What is the diagnostic workup for intussusception?

Medical Advisory BoardAll articles are reviewed for accuracy by our Medical Advisory Board
Educational purpose only • Exercise caution as content is pending human review
Article Review Status
Submitted
Under Review
Approved

Last updated: February 9, 2025View editorial policy

Personalize

Help us tailor your experience

Which best describes you? Your choice helps us use language that's most understandable for you.

From the Guidelines

Diagnostic Workup for Intussusception

The diagnostic workup for intussusception should include an assessment of the entire small intestine to rule out other causes of small bowel obstruction (SBO) such as adhesions, volvulus, and internal hernias [ 1 ].

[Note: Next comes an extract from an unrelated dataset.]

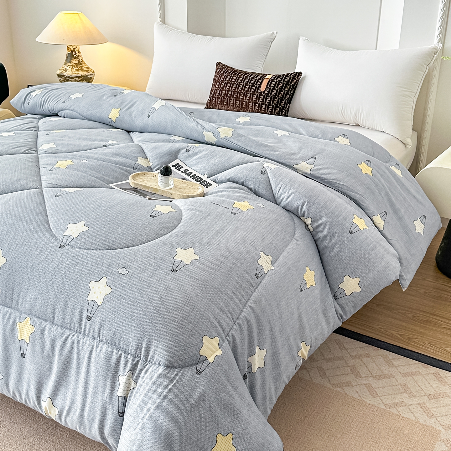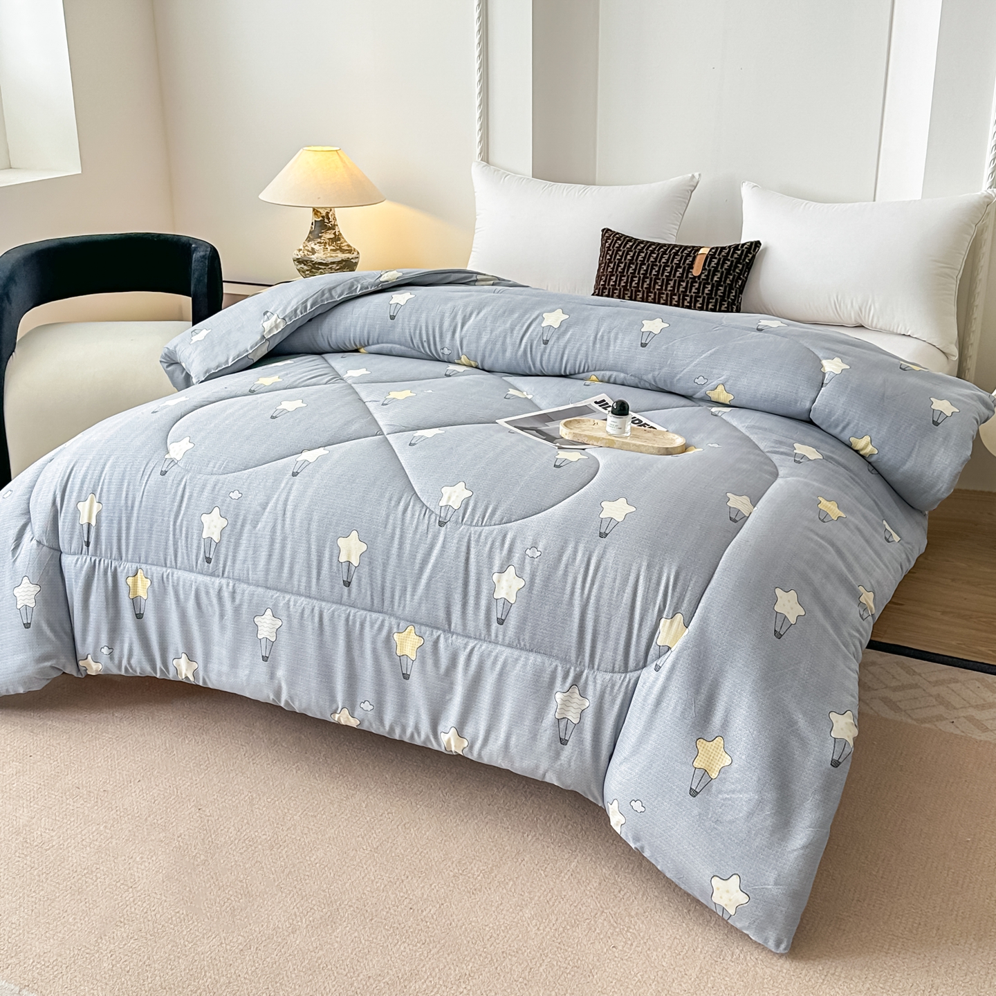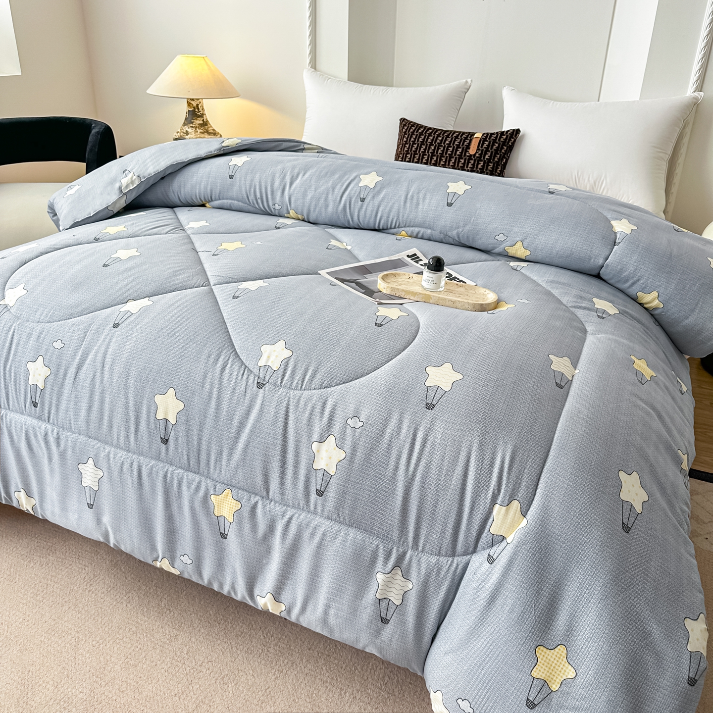 • 91家纺网 家纺一手货源 找家纺 好欣怡家纺 2026新款洛卡棉冬被学生被四季被仿棉被芯 灰色星星

  • Key steps in the diagnostic workup include:
    • Imaging studies: Although not explicitly mentioned in the provided evidence, in real-life clinical practice, imaging studies such as abdominal X-rays, CT scans, or ultrasound may be used to diagnose intussusception.
    • Endoscopic evaluation: Endoscopy can be used to diagnose and potentially treat intussusception, especially in cases where the intussusception is accessible and not complicated [ 1 ].
    • Surgical exploration: In cases where endoscopic evaluation is not possible or the patient is hemodynamically unstable, surgical exploration via laparoscopy or laparotomy may be necessary to diagnose and treat intussusception [ 1 ].

Classification and Management

Intussusception can be classified into antegrade and retrograde types, with retrograde being the most common form after laparoscopic Roux-en-Y gastric bypass (LRYGB) [ 1 ].

  • Anatomical classification: The Schackman et al. classification categorizes jejunogastric intussusceptions into three types: Type I (afferent loop intussusception), Type II (efferent loop intussusception), and Type III (combined form) [ 1 ].
  • Management: The management of intussusception may involve endoscopic reduction, surgical exploration with manual reduction, or resection of the affected segment [ 1 ].
    • Resection: Resection of the invaginated segment is recommended to avoid recurrences, and can be performed via laparoscopy or open surgery [ 1 ].
    • Surgical techniques: Other described surgical techniques include anchoring of the efferent limb to surrounding structures, Noble enteropexy, and reversal of the gastric bypass with conversion to another procedure [ 1 ].

From the Research

Diagnostic Workup for Intussusception

The diagnostic workup for intussusception involves several imaging modalities, including:

  • Abdominal radiography to detect pneumoperitoneum or high-grade bowel obstruction 2
  • Ultrasonography, which is the modality of choice for diagnosing intussusception in children 2, 3 and has excellent accuracy in detecting adult intussusception when performed by experienced examiners 4
  • Computed tomography (CT) scans, which are widely regarded as the modality of choice for diagnosing intussusception in adults 5 and have excellent sensitivity in detecting intussusception and its complications 4
  • Magnetic resonance imaging (MRI), which can also be used to diagnose intussusception, particularly in adults 5, 6

Imaging Modalities and Their Roles

The choice of imaging modality depends on the patient's age, symptoms, and clinical presentation. For example:

  • In children, ultrasonography is the preferred initial imaging modality due to its high sensitivity and specificity in detecting intussusception 2, 3
  • In adults, CT scans are often the initial imaging modality of choice due to their high sensitivity in detecting intussusception and its complications 5
  • MRI can be used as a complementary imaging modality to CT scans or ultrasonography, particularly in cases where the diagnosis is uncertain or when further evaluation of the intussusception is needed 5, 6

Clinical Relevance and Treatment

The diagnostic workup for intussusception is crucial in guiding treatment, which may include:

  • Nonoperative enema reduction, which is the treatment of choice for childhood intussusception in cases without signs of perforation or peritonitis 2
  • Surgical intervention, which is often required in adult intussusception cases with suspected malignancy or other complications 5, 6
  • Observation, which may be appropriate for asymptomatic or transient intussusceptions discovered incidentally on imaging studies 6

References

Guideline

Guideline Directed Topic Overview

Dr.Oracle Medical Advisory Board & Editors, 2025

Research

Adult intussusception: diagnosis and clinical relevance.

Radiologic clinics of North America, 2003

Research

Intestinal Intussusception: Etiology, Diagnosis, and Treatment.

Clinics in colon and rectal surgery, 2017

Professional Medical Disclaimer

This information is intended for healthcare professionals. Any medical decision-making should rely on clinical judgment and independently verified information. The content provided herein does not replace professional discretion and should be considered supplementary to established clinical guidelines. Healthcare providers should verify all information against primary literature and current practice standards before application in patient care. Dr.Oracle assumes no liability for clinical decisions based on this content.

Have a follow-up question?

Our Medical A.I. is used by practicing medical doctors at top research institutions around the world. Ask any follow up question and get world-class guideline-backed answers instantly.